Well, it's like this: Here are some of the Webster's Dictionary definitions of Free: a : having the legal and political rights of a citizen b : enjoying civil and political liberty c : enjoying political independence or freedom from outside domination d : enjoying personal freedom : not subject to the control or domination of another2 a : not determined by anything beyond its own nature or being : choosing or capable of choosing for itself...having a scope not restricted by qualification 7 a : not obstructed, restricted, or impeded ...Now, here are some of the Webster's Dictionary definitions of Fly:1 a : to move in or pass through the air with wings b : to move through the air or before the wind or through outer space c : to float, wave, or soar in the air ... a : to take flight ...6 : to work successfully ...Examples which apply from Websters: fly high : to be elated - fly in the face of or fly in the teeth of : to stand or act forthrightly or brazenly in defiance or contradiction of

What does this mean in my life? This means that in life we are meant to be free. While historically mankind has not always enjoyed the opportunity to fully appreciate what that means, we are so indescribably fortunate as to live in a time of the greatest spiritual, physical, financial and political freedom ever known. Freedom doesn't come cheap, nor does it come easy. But the best things in life don't come that way do they? As I write this I am struck by how this sounds like a political statement, and for me this is much more of a spiritual thing, but, same goes for that (political that is). Freedom doesn't come easy.
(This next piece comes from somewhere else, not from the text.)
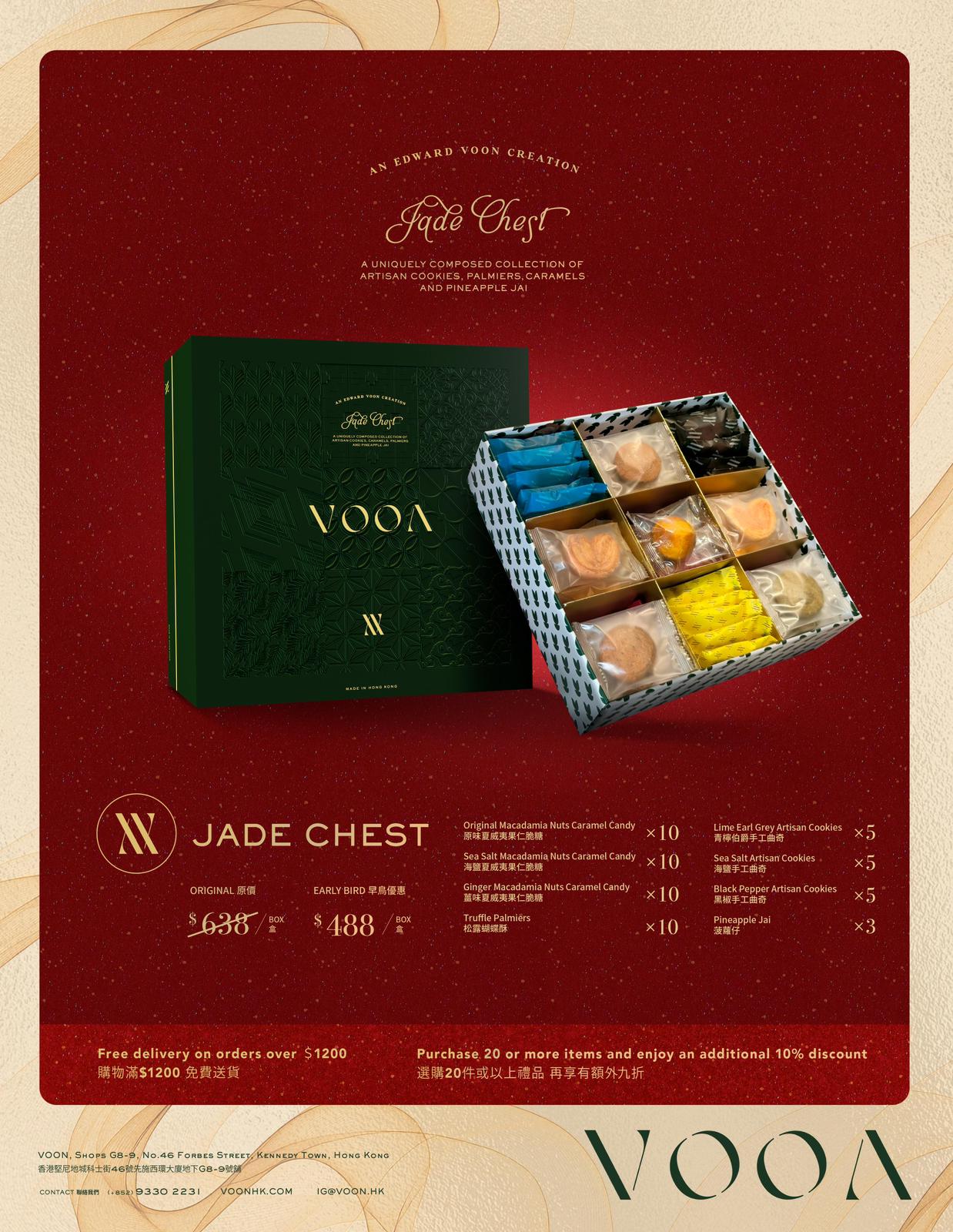 Celebrate the Lunar New Year with VOON’s festive puddings, featuring Pepper Crab Turnip Pudding, Osmanthus Water Chestnut Pudding, Pandan Coconut Pudding, and exquisite festive gift box - Jade Chest. All items are handcrafted in Hong Kong with quality ingredients. Every item is handcrafted in Hong Kong with premium ingredients. Various combos are available to meet your preferences!

And it's worth whatever fight you have to make to overcome in your life in order to live a life that succeeds. Now the questions is - what is success for you? What is your standard? In my mind what is needed is a definite target - because you can't hit and maintain a moving target. A stable, rock-solid, anchor with no variable, yet multi-faceted. Something pure, just and worthy. If you look at any web page of news you can see that our society is certainly lacking in this area. What a great time to live as a rebel! Nowadays to be a rebel, all you have to do is be willing to engage in the battle of life, while anchored to Christ!